Revisiting images formats for the web

July 15, 2020
10 min. read

Every so often I see comparisons between image formats that say one format is better than others or that one format is better for a given task but I’ve always wondered where the numbers came from and what testing criteria were used. Rather than take things at face value, I want to make sure that whatever decision I make it is backed up with data. I’ve put all the files and scripts on a Github repository for you to run the same tests and see if the results match mine. Beware that the TIFF images are very large and may take a large chunk of your data plan if you download them on mobile.

This post does not cover HEIC/HEIF and AVIF image formats. To cover those two formats well, I need more time to compile and test the tools and want to make sure that I don’t mix tool research with image quality. I will post the results of any research on those two formats in a separate post.

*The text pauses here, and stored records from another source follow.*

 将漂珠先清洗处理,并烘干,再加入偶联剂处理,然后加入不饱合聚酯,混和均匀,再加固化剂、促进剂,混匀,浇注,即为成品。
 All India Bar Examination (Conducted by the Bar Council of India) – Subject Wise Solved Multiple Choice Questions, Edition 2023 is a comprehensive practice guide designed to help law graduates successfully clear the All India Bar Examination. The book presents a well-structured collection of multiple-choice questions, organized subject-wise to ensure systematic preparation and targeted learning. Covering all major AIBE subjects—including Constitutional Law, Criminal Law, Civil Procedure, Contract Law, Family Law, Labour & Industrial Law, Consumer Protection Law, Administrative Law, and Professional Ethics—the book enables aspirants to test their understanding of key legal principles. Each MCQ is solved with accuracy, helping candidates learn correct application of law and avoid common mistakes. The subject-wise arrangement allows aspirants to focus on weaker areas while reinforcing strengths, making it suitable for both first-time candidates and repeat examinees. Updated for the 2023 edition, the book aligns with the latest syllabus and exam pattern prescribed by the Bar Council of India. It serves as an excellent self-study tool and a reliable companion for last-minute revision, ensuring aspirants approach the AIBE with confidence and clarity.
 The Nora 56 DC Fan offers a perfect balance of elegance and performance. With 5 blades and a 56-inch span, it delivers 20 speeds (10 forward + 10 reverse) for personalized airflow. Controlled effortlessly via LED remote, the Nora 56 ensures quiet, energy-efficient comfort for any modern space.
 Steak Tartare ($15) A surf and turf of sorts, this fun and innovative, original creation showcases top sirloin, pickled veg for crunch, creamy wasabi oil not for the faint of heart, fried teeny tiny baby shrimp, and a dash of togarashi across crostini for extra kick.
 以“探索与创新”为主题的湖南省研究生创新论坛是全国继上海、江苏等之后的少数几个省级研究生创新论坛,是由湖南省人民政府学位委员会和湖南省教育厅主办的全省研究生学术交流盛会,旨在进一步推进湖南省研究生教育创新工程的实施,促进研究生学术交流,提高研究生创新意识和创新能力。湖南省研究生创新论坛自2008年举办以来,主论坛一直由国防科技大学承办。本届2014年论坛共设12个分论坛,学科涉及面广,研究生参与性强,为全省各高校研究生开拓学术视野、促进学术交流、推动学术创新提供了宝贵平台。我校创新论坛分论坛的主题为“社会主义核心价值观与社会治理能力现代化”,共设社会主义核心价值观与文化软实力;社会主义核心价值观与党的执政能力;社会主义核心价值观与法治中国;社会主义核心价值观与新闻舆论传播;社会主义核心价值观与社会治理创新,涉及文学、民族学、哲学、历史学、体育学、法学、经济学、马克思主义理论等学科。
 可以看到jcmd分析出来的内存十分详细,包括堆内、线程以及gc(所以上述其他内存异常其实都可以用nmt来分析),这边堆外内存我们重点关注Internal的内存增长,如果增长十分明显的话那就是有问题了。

Before we jump into looking at the quality of compressed images, let's take a look at what's available and what's coming down the pipeline as far as image formats for the web.

Format	Initial Release	Open?	Type	Available Encoder	Encoder to use	Notes
GIF	1987	No	Lossless	Yes	ImageMagick
JPG	1992	Yes	Lossy	Yes	ImageMagick	According to Wikipedia patents for JPEG technologies expired
PNG	1996	Yes	Lossless	Yes	ImageMagick	Also Provides animation support. Check caniuse.com for supported browsers
WebP	2010	Yes	Lossless and Lossy	Yes	ImageMagick or directly with cwebp	Based of WebM video compression

The process #

As Kornel Lesinski writes in How to compare images fairly:

Absolutely the worst way to compare images is to convert one lossy format to another and conclude you “can't see the difference”. Why is it bad? Save a photo as a couple JPEGs at quality=98 and quality=92. It will be hard to tell them apart, but their file sizes will differ by nearly 40%! Does it prove that JPEG is 40% better than… itself? No, it shows that “quality appears the same, but the file much is smaller!” can easily be nonsense that proves nothing. To make a fair comparison you really have to pay meticulous attention to encoder settings, normalizing quality, and ensuring that compared images are in fact comparable. It's really hard to make a fair comparison.

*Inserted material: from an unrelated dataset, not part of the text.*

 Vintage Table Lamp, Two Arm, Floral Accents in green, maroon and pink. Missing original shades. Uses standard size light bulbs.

Before we even start encoding the images we have to do a few things:

Find a lossless, high-quality image to use as the source for the exercises
Decide what tools we will use to encode the images. Sometimes this may be decided for you as there may not be many tools for the newer formats
Decide what criteria you will use for your testing and how will you measure it
Will you measure objective quality using tools like DSSIM?
Will you compare file size for a given quality?
How will you decide which metric is more important?
Make sure that the tools produce similar output. For example, all formats should use chroma subsampling or none should
Figure out what are the equivalent settings for the formats that you're testing. Q=80 for a JPEG image may not be the same as Q=80 for other formats
Test all formats at the same or equivalent quality
Make sure that all format encoders can work from the same source
If the format offers lossless and lossy compression use lossy to match what JPEG does

I chose to work with different images in TIFF format. Information about the specific images is listed below:

Images from Los Lajones Estate downloaded from their website
Image of the USS California from Wikimedia Commons is in the public domain
Images from Hubblesite taken from bat shadow and NGC 6302: The "Butterfly Nebula" are in the public domain as stated in the hubblesite copyright page

We'll use different encoders for different formats, below is the list of formats with their associated image encoders. All the binaries were reinstalled to make sure I have the latest versions available via Homebrew as of this writing:

PNG: ImageMagick
JPG: ImageMagick
WebP: cwebp

First Test: Equal Quality to measure file size #

The first test I wanted to run is what happens if we encode a TIFF source image to all image formats that we can test with the same quality value, in this case, 80. It is important to note that a JPEG image encoded at 80 quality is not the same as a lossy WebP image encoded at the same quality. We do it this way because it’s the easiest way to test and it’s what I would do in Photoshop of when running image compression with tools like imagemin

The questions that I want to answer with this test:

Keeping quality constant, what lossless format provides the smaller file size?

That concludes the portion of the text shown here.